◆ TASK DIRECTIONS ◆
Starting at the line below with "3.组队副本可以1-3人组队进入,每天进入次数不限,并且副本可以跨服组队。" and stopping at the line with "You can see", please print each line exactly, those two included, and skip every picture.

◆ DATASET ◆
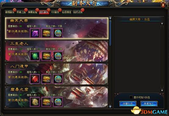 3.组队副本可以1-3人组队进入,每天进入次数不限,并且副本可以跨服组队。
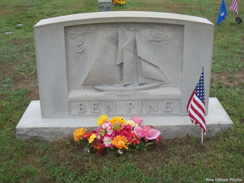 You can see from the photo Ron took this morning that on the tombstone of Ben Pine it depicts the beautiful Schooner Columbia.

...

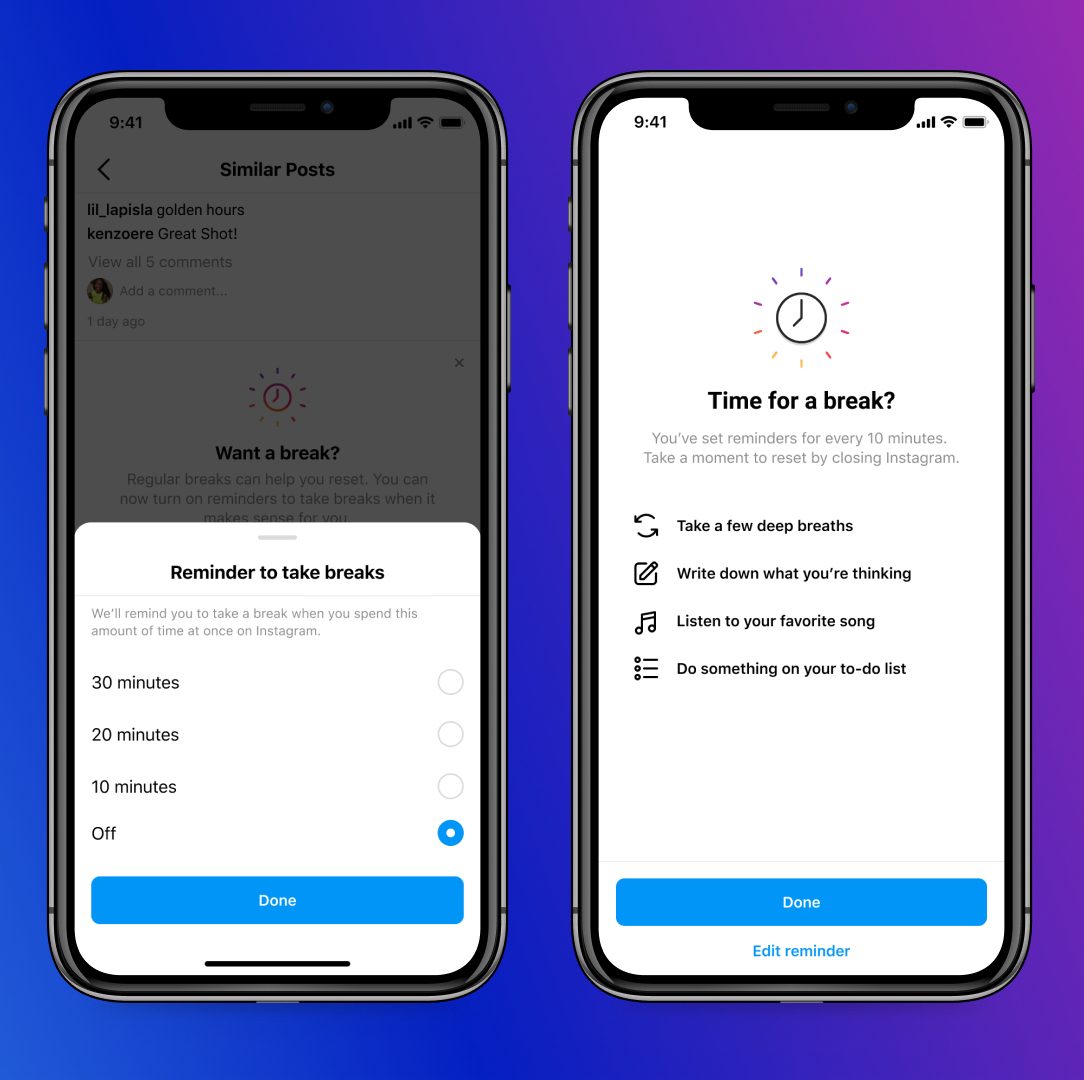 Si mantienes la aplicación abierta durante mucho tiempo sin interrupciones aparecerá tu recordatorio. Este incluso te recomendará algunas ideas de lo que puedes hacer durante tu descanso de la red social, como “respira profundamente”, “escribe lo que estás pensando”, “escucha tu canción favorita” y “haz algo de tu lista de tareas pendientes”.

◆ EXPECTED ANSWER ◆
 3.组队副本可以1-3人组队进入,每天进入次数不限,并且副本可以跨服组队。
 You can see from the photo Ron took this morning that on the tombstone of Ben Pine it depicts the beautiful Schooner Columbia.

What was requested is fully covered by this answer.